How often have you held a project planning meeting when you haven’t talked to your customers in years? It may be hard to admit, but it’s true for more of us than not. Customer needs and expectations are not static. They’re influenced by what you say and do, by what your competitors say and do, and by other experiences unrelated to your industry. In Salesforce’s report, “State of the Connected Customer,” nearly 70% of customers indicated they switched vendors for a more consumer-like experience.
Businesses that have their finger on the pulse of customer needs can better respond with projects and initiatives that deliver a customer’s desired experience. While many of us think of journey mapping as a one-time project, we should view it as an ongoing process used to stay in touch with the customers’ ever-changing needs.
4. We don’t look at the end-to-end customer experience. Too often, we look at and drive customer-impacting initiatives within a single business function.
This struggle is a pretty common reality for a lot of companies. Departmental or functional goals and objectives cause many managers to maintain a narrow focus. Priorities and associated activities then follow suit. However, customers don’t think about their experience in the same way you manage your business.
I recently worked with a cable company with an order management department. One of the responsibilities of this group was to confirm customer orders before a truck rolled for installation. It makes good sense. Customers want the installation to be inclusive of all the right services, and the cable operator only wants to roll a truck to that location once.
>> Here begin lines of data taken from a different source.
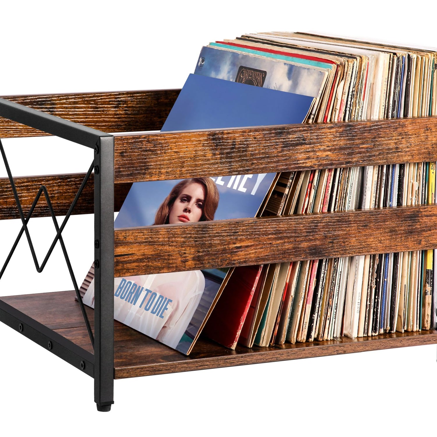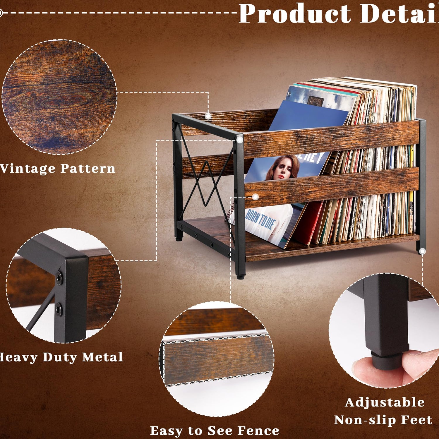- Sturdy & Durable: Made from high-quality metal and MDF wood, this storage crate ensures strong stability and durability. This combination of materials provides a robust framework that can withstand the test of time and the weight of your vinyl collection.
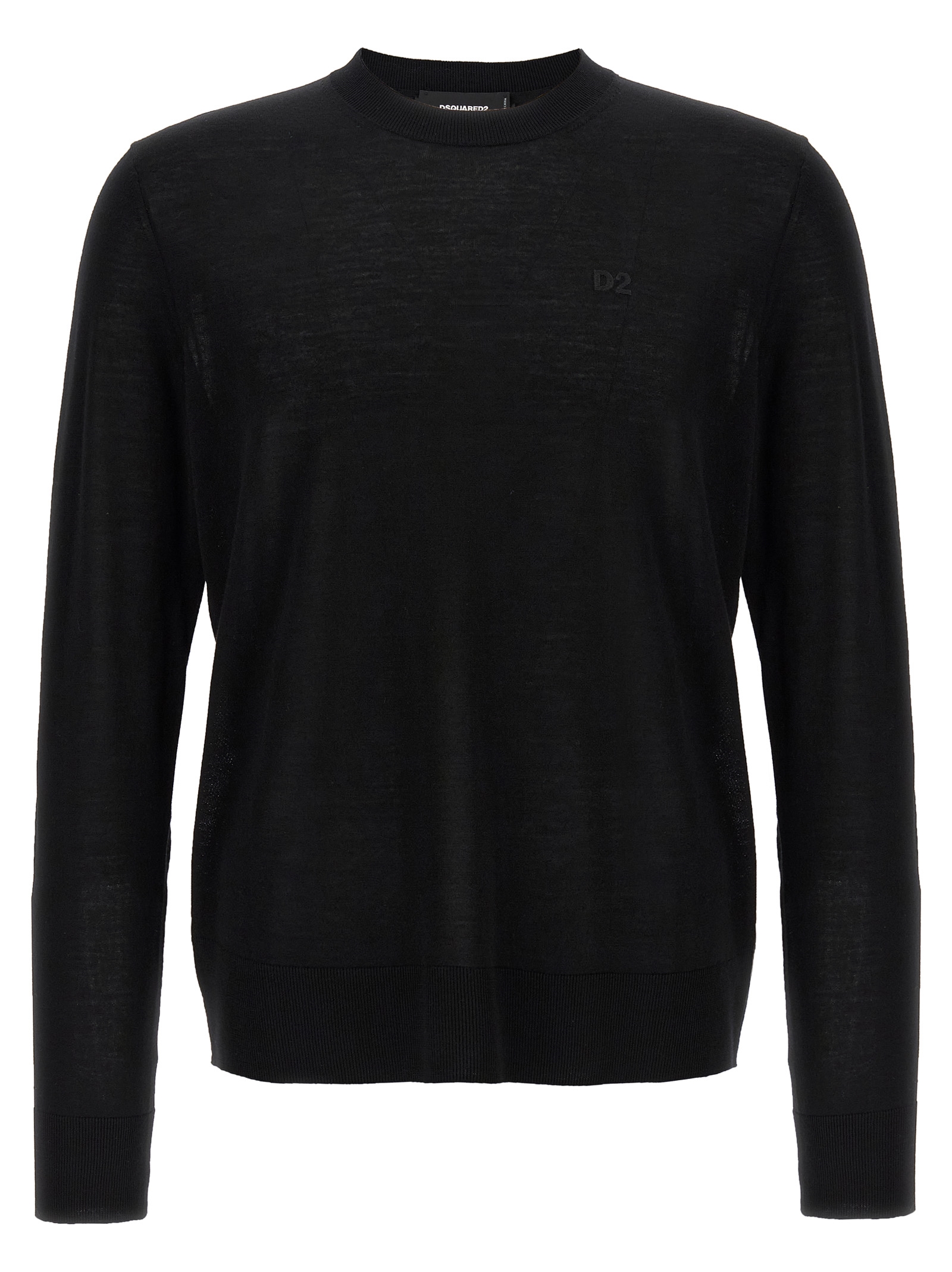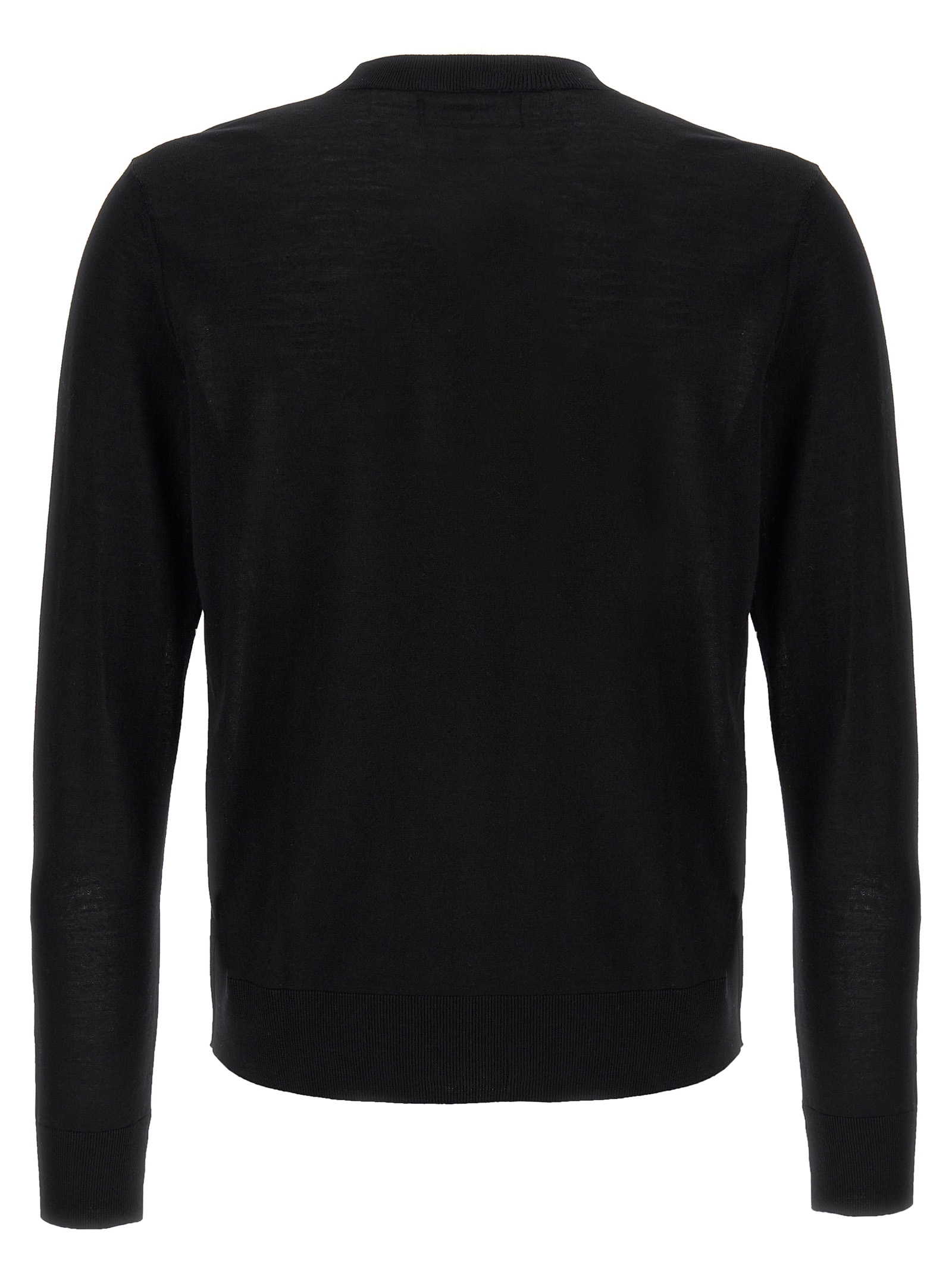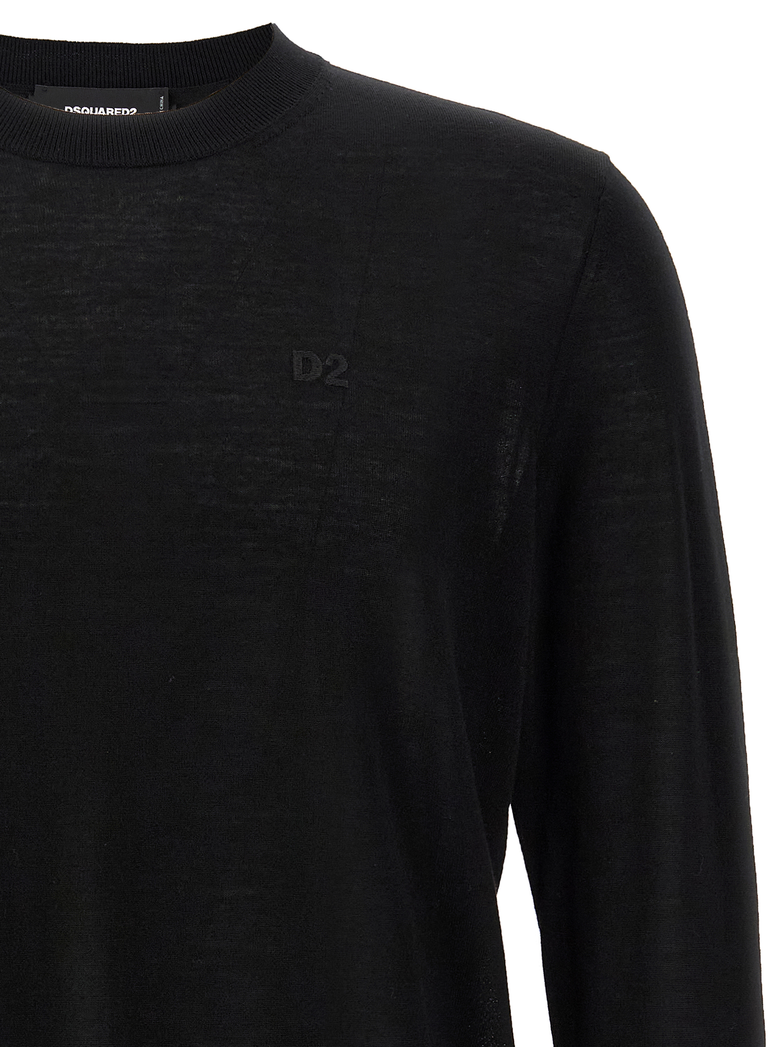 Thin wool sweater, crew neck, logo embroidery detail, long cuffed sleeves
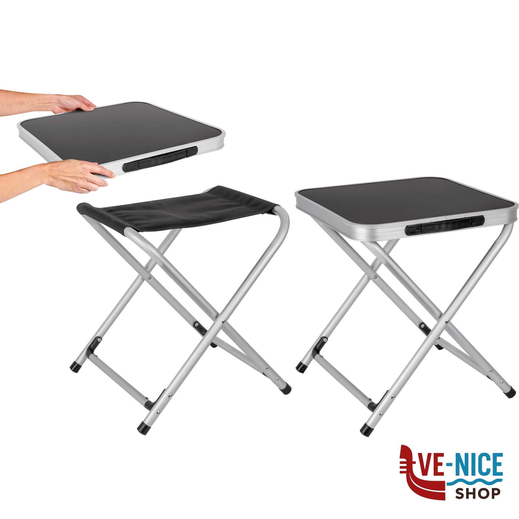 Pratico set composto da un leggero sgabello pieghevole in alluminio con seduta in poliestere e robusto piano del tavolo. Viene fornito con borsa di trasporto.
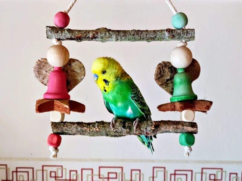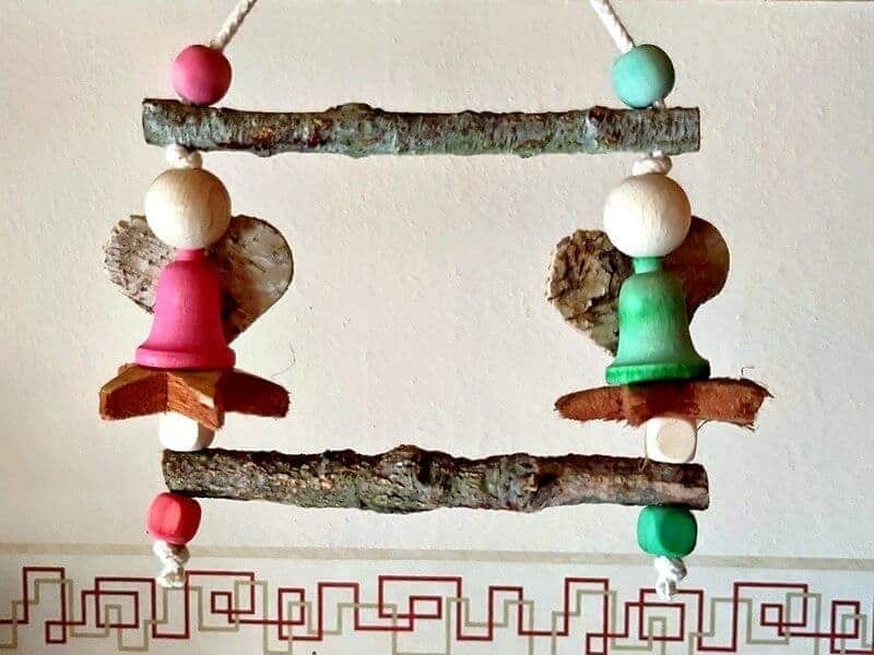 Eine Engelsschaukel mit Sitzästen aus Korkästen oder alternativ Naturholz, die man in der Weihnachtszeit im Freiflugzimmer aufgehängen kann.

However, the sequence of events for the customer often went something like the following:
- The salesperson confirms the final scope of work with the customer per the proposal, and 24-hours later, the order management department calls the customer with the same questions the salesperson asked a day earlier.
- The salesperson tries to confirm the details of the proposal, and the order management professional tries to ensure the field service technician enters the location with all the right tools. But to the customer, getting asked the same questions from two different people within 24 hours causes concern about whether the company listens, understands or struggles with internal communication.
These touchpoints are necessary, but the transition from one department to the next needs more effective means of orchestration. A transition between departments is an experience blind spot that you can only expose by looking at the end-to-end experience from the customer’s perspective.
5. We don’t want to start our digital transformation without first understanding our customer’s journey with us.
The best digital transformation efforts begin with discovery and visioning. We gear this phase of work toward aligning an organization’s digital strategy with customer needs. Journey mapping provides a solution to identify customer needs across multiple points of interaction. From researching solutions to, hopefully, developing a long-term relationship with your company, understanding customer needs at every point of communication is a valuable way to ensure the digital tools you deploy are focused on increasing the value delivered by your firm. If you broadly define your digital transformation, it will include digital technologies aimed at improving the efficiency and effectiveness of your employees. In turn, just as you would explore the needs of customers with journey mapping, you should do the same for employees.
Finally
You should expect the following from your journey mapping initiative:
1) To identify moments of truth with customers
2) To assess the customer’s perception of your performance
3) To provide an end-to-end perspective of the journey, they have with your company
4) To help you rationalize new projects and provide a foundation for developing a digitally enabled future-state experience.
In the Age of The Customer, successful businesses start with the customer experience and then work backward. Journey maps allow companies to look at the business from the customer’s perspective. It is providing important insights that enable a company to better align its people, processes and technology with customer needs.